### WORK TO COMPLETE
Return each line exactly, from the one that has "小熊/Bear 豆浆机 0.6L小型豆浆机迷你快豆浆榨汁机料理机" through the end of the entries, both ends included. Pictures do not belong.

### WORKING DATA
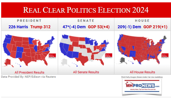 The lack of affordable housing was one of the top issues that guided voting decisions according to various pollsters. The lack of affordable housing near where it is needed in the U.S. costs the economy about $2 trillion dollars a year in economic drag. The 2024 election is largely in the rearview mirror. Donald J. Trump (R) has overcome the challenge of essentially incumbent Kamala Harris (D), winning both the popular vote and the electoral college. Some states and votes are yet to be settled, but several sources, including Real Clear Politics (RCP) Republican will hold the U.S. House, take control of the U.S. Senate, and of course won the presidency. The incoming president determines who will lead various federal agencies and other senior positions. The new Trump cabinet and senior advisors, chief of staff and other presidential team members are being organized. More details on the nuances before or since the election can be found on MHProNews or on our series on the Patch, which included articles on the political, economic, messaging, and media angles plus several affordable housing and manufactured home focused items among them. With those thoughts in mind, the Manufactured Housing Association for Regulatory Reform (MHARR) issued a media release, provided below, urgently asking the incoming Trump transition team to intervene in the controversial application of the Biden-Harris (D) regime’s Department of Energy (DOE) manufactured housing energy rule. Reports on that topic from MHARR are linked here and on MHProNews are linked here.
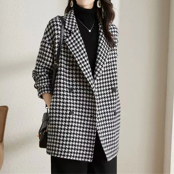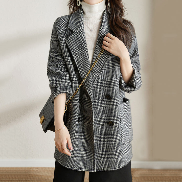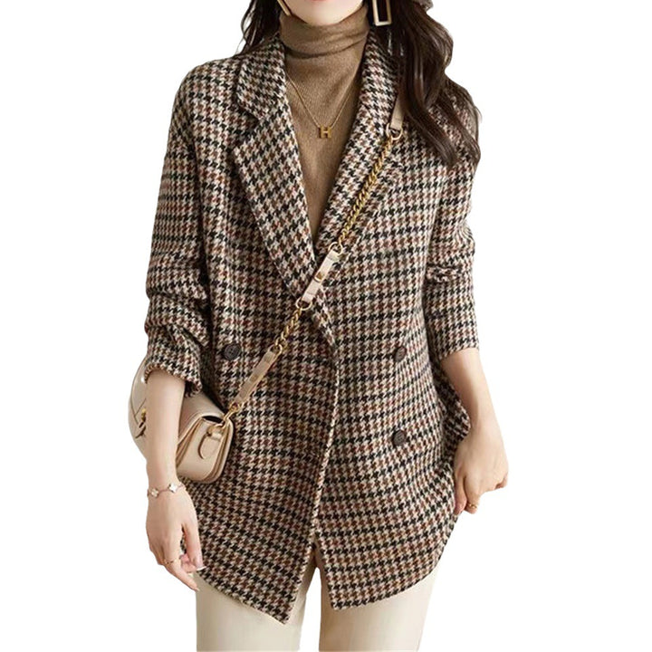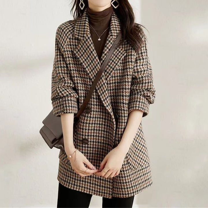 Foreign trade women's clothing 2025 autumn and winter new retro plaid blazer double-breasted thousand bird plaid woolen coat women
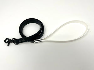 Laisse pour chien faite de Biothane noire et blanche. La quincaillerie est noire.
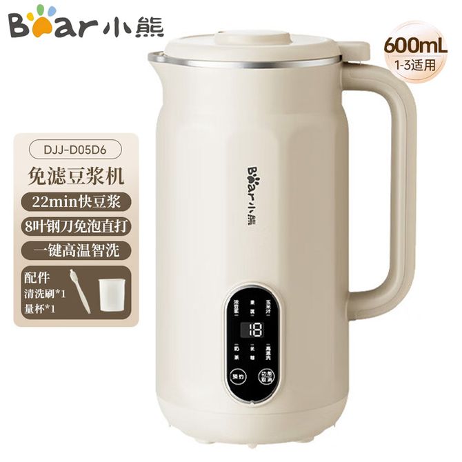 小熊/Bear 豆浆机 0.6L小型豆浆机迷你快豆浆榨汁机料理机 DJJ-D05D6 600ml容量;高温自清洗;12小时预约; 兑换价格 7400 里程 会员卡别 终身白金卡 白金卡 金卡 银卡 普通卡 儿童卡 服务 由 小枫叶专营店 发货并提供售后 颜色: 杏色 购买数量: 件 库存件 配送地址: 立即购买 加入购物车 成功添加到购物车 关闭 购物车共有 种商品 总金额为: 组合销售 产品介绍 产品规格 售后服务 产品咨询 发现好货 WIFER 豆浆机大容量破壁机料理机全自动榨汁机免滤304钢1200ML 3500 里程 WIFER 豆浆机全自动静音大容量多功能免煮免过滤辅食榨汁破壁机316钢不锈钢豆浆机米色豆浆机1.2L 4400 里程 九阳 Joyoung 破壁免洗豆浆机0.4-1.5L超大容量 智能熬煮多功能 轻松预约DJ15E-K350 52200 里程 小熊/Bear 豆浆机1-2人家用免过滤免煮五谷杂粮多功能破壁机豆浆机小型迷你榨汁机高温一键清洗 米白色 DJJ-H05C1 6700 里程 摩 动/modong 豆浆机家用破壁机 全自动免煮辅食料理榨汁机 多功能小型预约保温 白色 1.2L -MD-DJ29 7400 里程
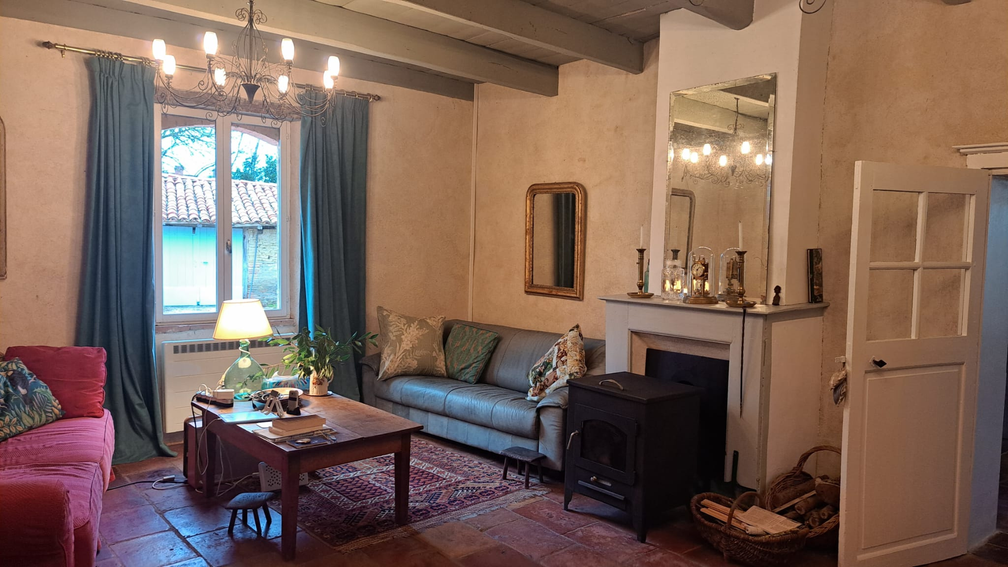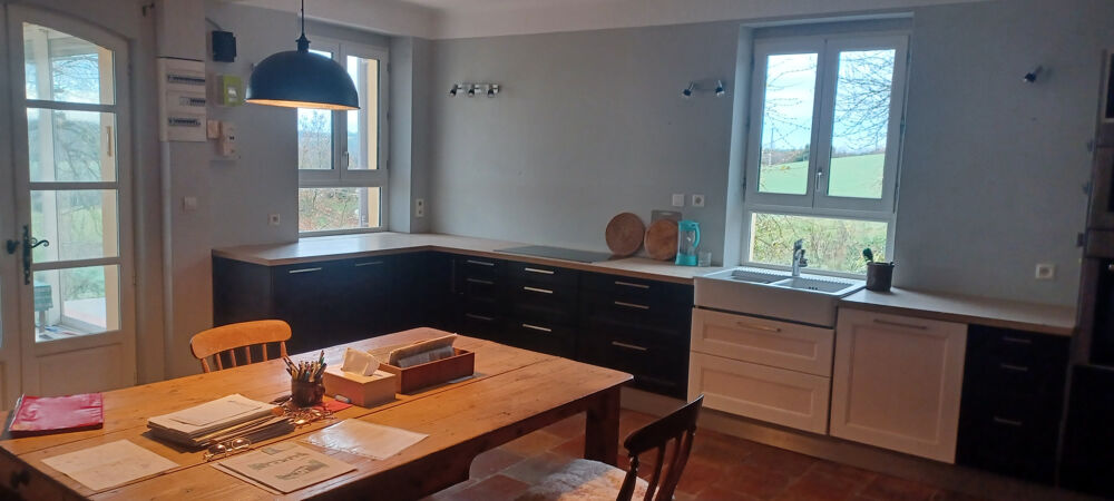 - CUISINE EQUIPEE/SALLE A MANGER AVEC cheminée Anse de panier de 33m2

### SOLUTION TO THE PROBLEM
 小熊/Bear 豆浆机 0.6L小型豆浆机迷你快豆浆榨汁机料理机 DJJ-D05D6 600ml容量;高温自清洗;12小时预约; 兑换价格 7400 里程 会员卡别 终身白金卡 白金卡 金卡 银卡 普通卡 儿童卡 服务 由 小枫叶专营店 发货并提供售后 颜色: 杏色 购买数量: 件 库存件 配送地址: 立即购买 加入购物车 成功添加到购物车 关闭 购物车共有 种商品 总金额为: 组合销售 产品介绍 产品规格 售后服务 产品咨询 发现好货 WIFER 豆浆机大容量破壁机料理机全自动榨汁机免滤304钢1200ML 3500 里程 WIFER 豆浆机全自动静音大容量多功能免煮免过滤辅食榨汁破壁机316钢不锈钢豆浆机米色豆浆机1.2L 4400 里程 九阳 Joyoung 破壁免洗豆浆机0.4-1.5L超大容量 智能熬煮多功能 轻松预约DJ15E-K350 52200 里程 小熊/Bear 豆浆机1-2人家用免过滤免煮五谷杂粮多功能破壁机豆浆机小型迷你榨汁机高温一键清洗 米白色 DJJ-H05C1 6700 里程 摩 动/modong 豆浆机家用破壁机 全自动免煮辅食料理榨汁机 多功能小型预约保温 白色 1.2L -MD-DJ29 7400 里程
 - CUISINE EQUIPEE/SALLE A MANGER AVEC cheminée Anse de panier de 33m2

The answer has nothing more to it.